Reference is made to the above record only to indicate that, in deciding the Mise. No. 1317 originally, we decided the case on the proper record, while on petition for rehearing an entirely different record and case were used.

In my view, the December 11,1980, Commission order covering the period to July 18, 1979, is final because of our judgment and is entitled to enrollment. This does not prohibit Tupelo Coffee Company and Aetna Casualty from questioning the accuracy of the computation of benefits, interest and penalties, by appropriate procedures, such as motion to vacate, modify or correct judgment.5

Orders for the issuance of mandamus writs from this Court are common. At times, they are necessary and required to enforce our judgments and for maintaining the orderly appellate judicial process.
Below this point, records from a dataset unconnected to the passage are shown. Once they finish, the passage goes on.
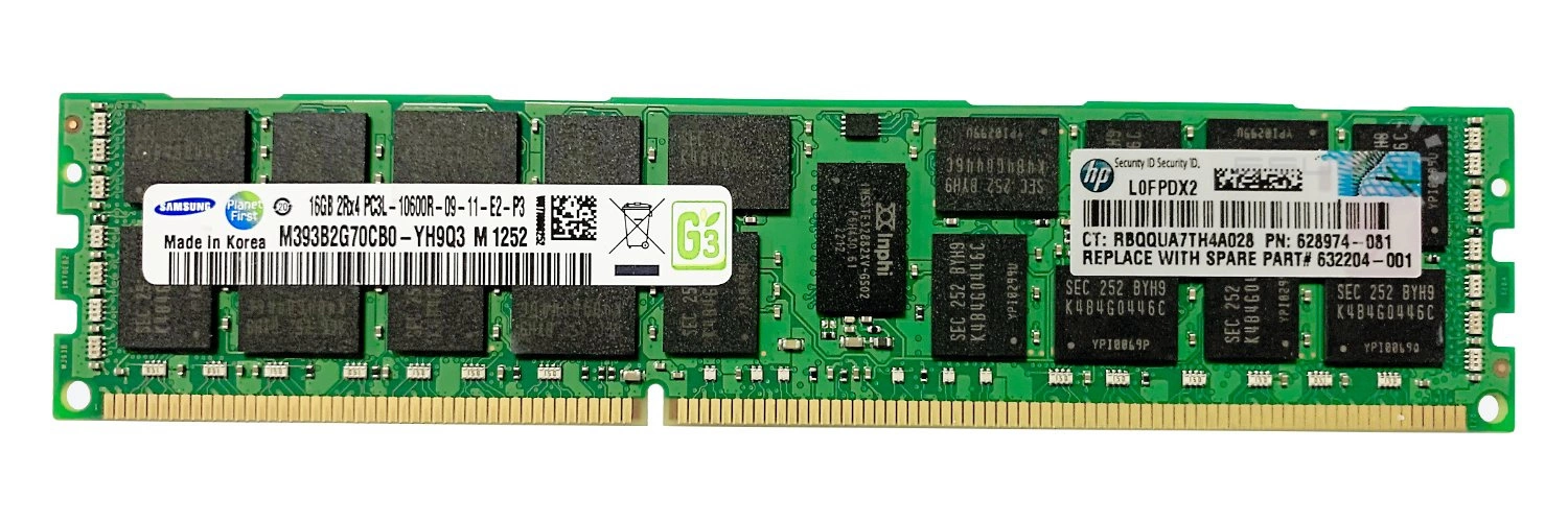 - Set of 16GB memory consisting of 1x 16GB 2Rx4 PC3-10600 DDR3 1333MHz 1.35 V / 1.5V ECC REGISTERED | M393B2G70CB0-YH9
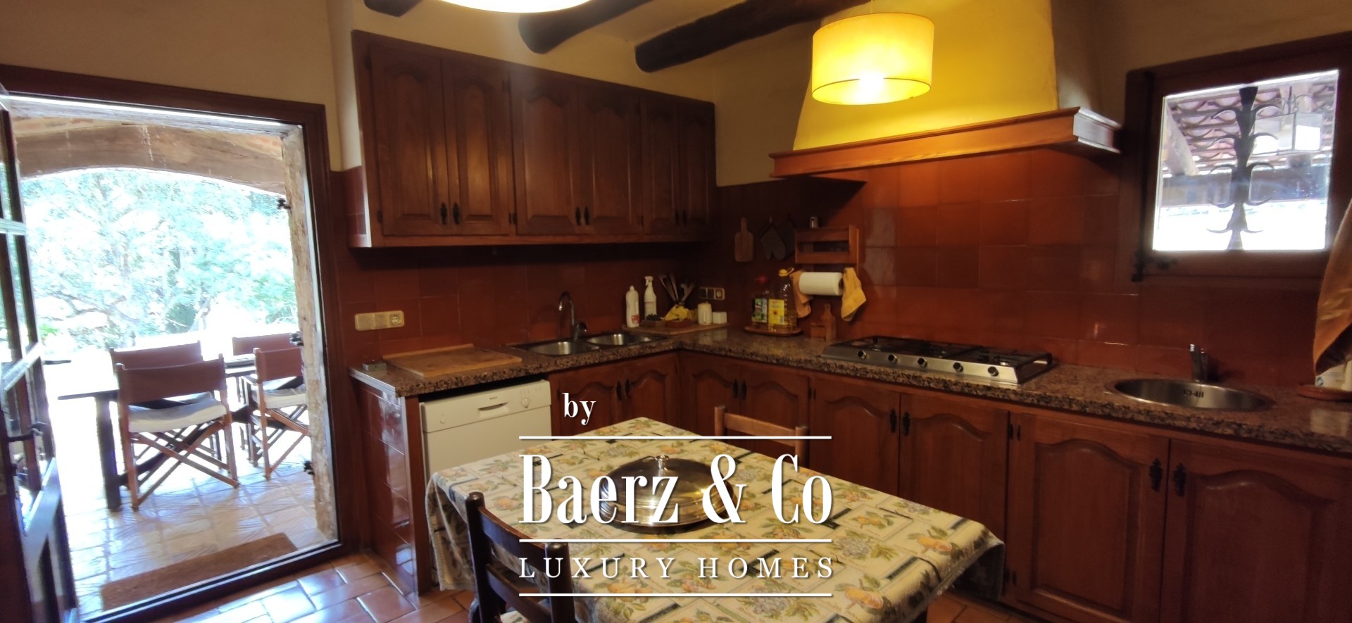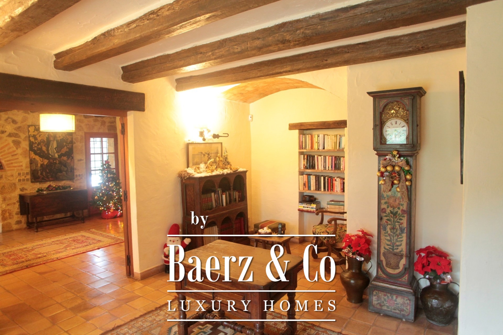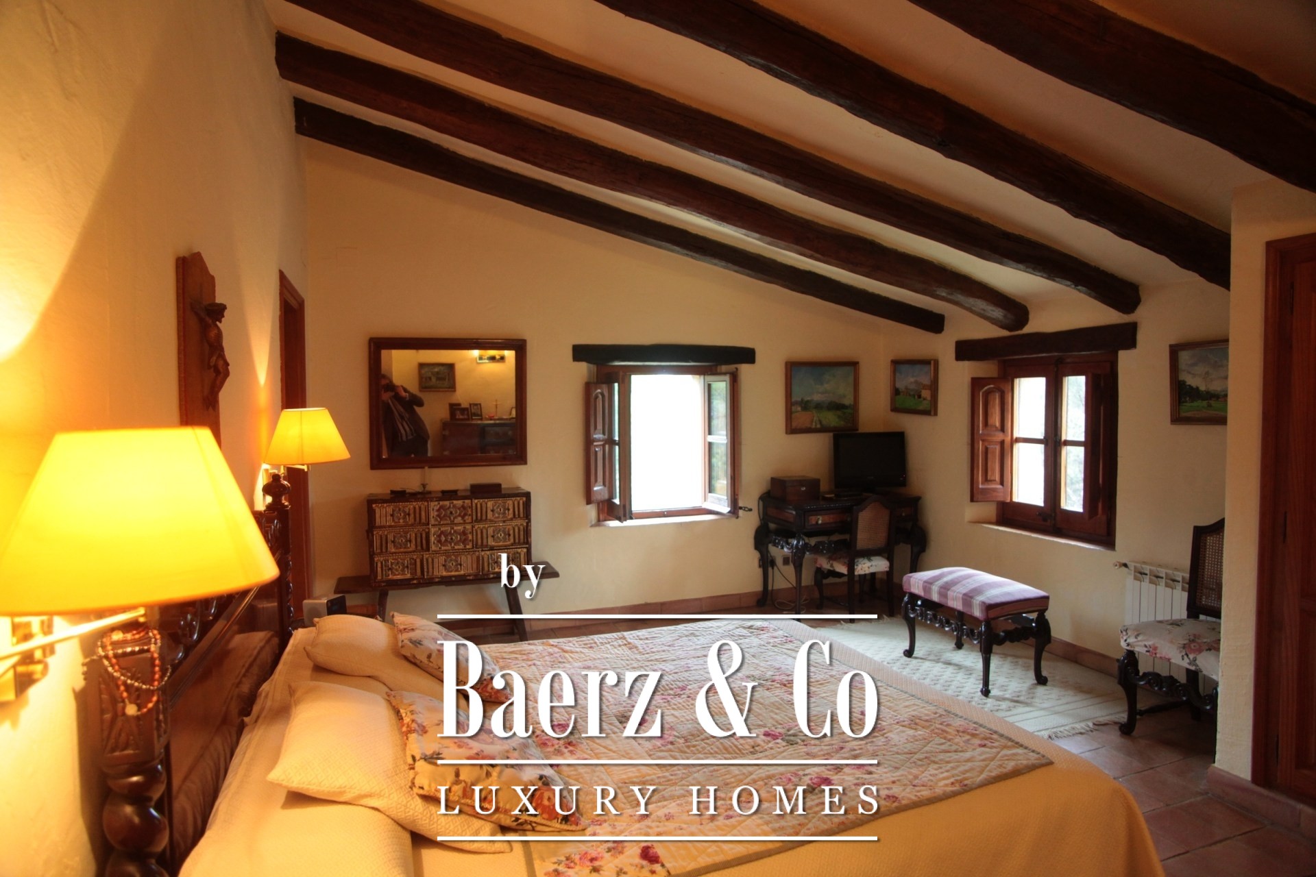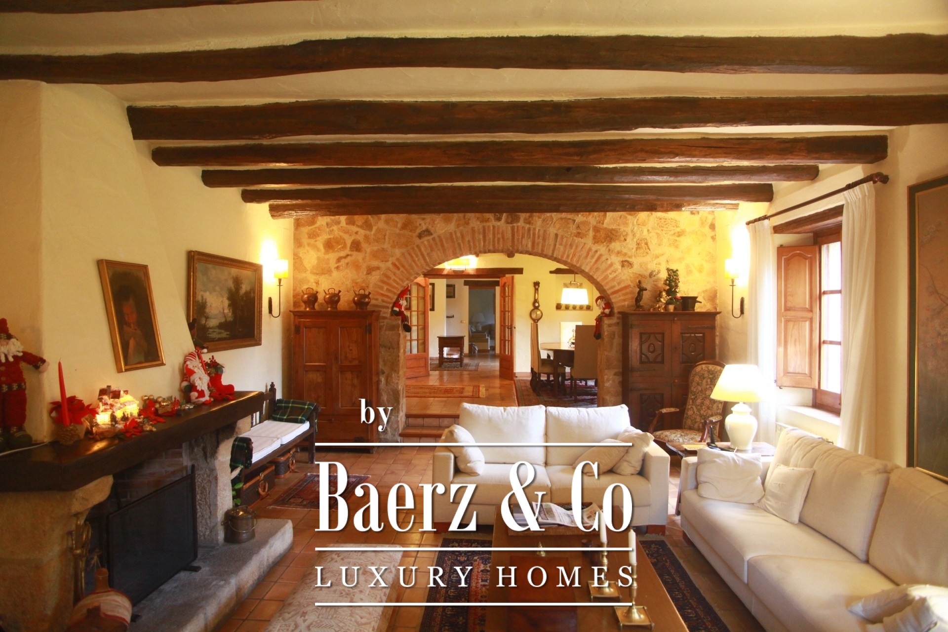 Composed across 513 m² of built space, the residence retains its original beamed ceilings, traditional stoneware floors, and a harmonious mix of whitewashed walls and natural stone. Its arrangement spans nine bedrooms and six bathrooms, flowing through three distinct kitchens, three living rooms, a dining room, and a dedicated office. This flexible configuration invites both family life and quiet retreat, or a sophisticated hospitality project reflecting true Catalan spirit.
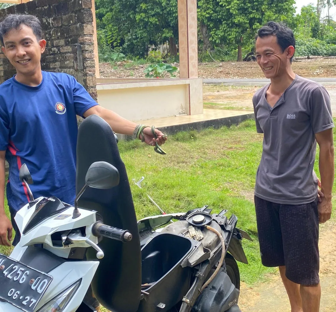 “Setelah mendapat laporan, petugas langsung bergerak dari pos menggunakan armada pemadam kebakaran untuk mengevakuasi ular yang masuk ke dalam box motor,” kata Plt Kabid Damkar Bangka, Zalfika Ammya, Jum’at (2/1/2026).
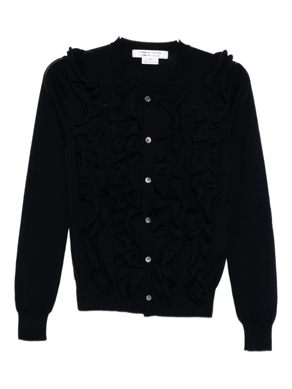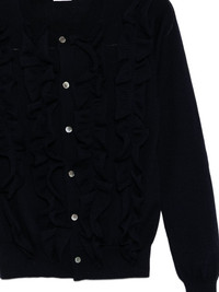 ruffled cardigan Highlights - Dark blue - Front button fastening - Crew neck - Ribbed cuffs and hem - Long sleeves Imported Composition Wool 100% Washing instructions Dry Clean Only
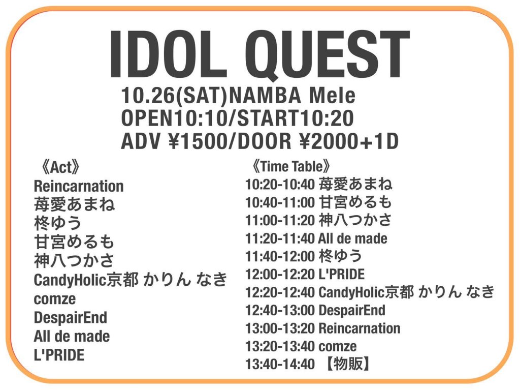 2024/10/26(土)「IDOL QUEST」 @難波Mele 2024/10/26(土) 「IDOL QUEST」 会場:難波Mele(アクセス) OPEN 10:10/START 10:20 前売 ¥1,500/当日 ¥2,000(別途1ドリンク代必要) 出演:Reincarnation、苺愛あまね、柊ゆう、甘宮めるも、神八つかさ、CandyHolic京都 かりん なき、comze、DespairEnd、All de made、L’PRIDE(順不同) 予約:https://tiget.net/events/353694 共有: X で共有 (新しいウィンドウで開きます) X Facebook で共有 (新しいウィンドウで開きます) Facebook いいね 読み込み中… 関連 コメントを残す コメントをキャンセル Δ
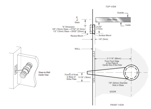 • Türverschluss für 8 bis 12 mm Glastüren, geeignet für Glas an Wand oder Glas an Glastüren. Der Türverschluss kann von beiden Seiten betätigt werden. Eine Lochbohrung von 22 mm im Glas erforderlich.

Although the Workmen’s Compensation Commission, the Circuit Court of Lee County, and the Mississippi Supreme Court have adjudicated that claimant has been entitled to compensation benefits, under the law, since October 7, 1976, five (5) years nine (9) months have elapsed and he has not been paid those benefits, except for $435.00.6 This graphically points out an injustice in the workmen’s compensation law, which cries out for remedy.

PATTERSON, C.J., and BOWLING and DAN M. LEE, JJ., join in this dissent.

. Leathers v. Gardner, 413 So.2d 1390 (Miss.1982).

. Justices Hawkins and Prather from the Northern District. Justice Prather came on the Mississippi Supreme Court on July 15, 1982.

. Record upon which majority relies.

. Part of the amount fixed in the January 18, 1979, and December 11, 1980, Commission order.

. Miss.Code Ann. § 71-3-49. This does not suggest, or mean, delay or dilatory methods in enforcement of the judgment. Compensation benefits have not been computed subsequent to July 18, 1979, on the Mise. No. 1317 record.

.According to the proper record before us, but $2,516.80, according to the record in another cause, No. 54,083.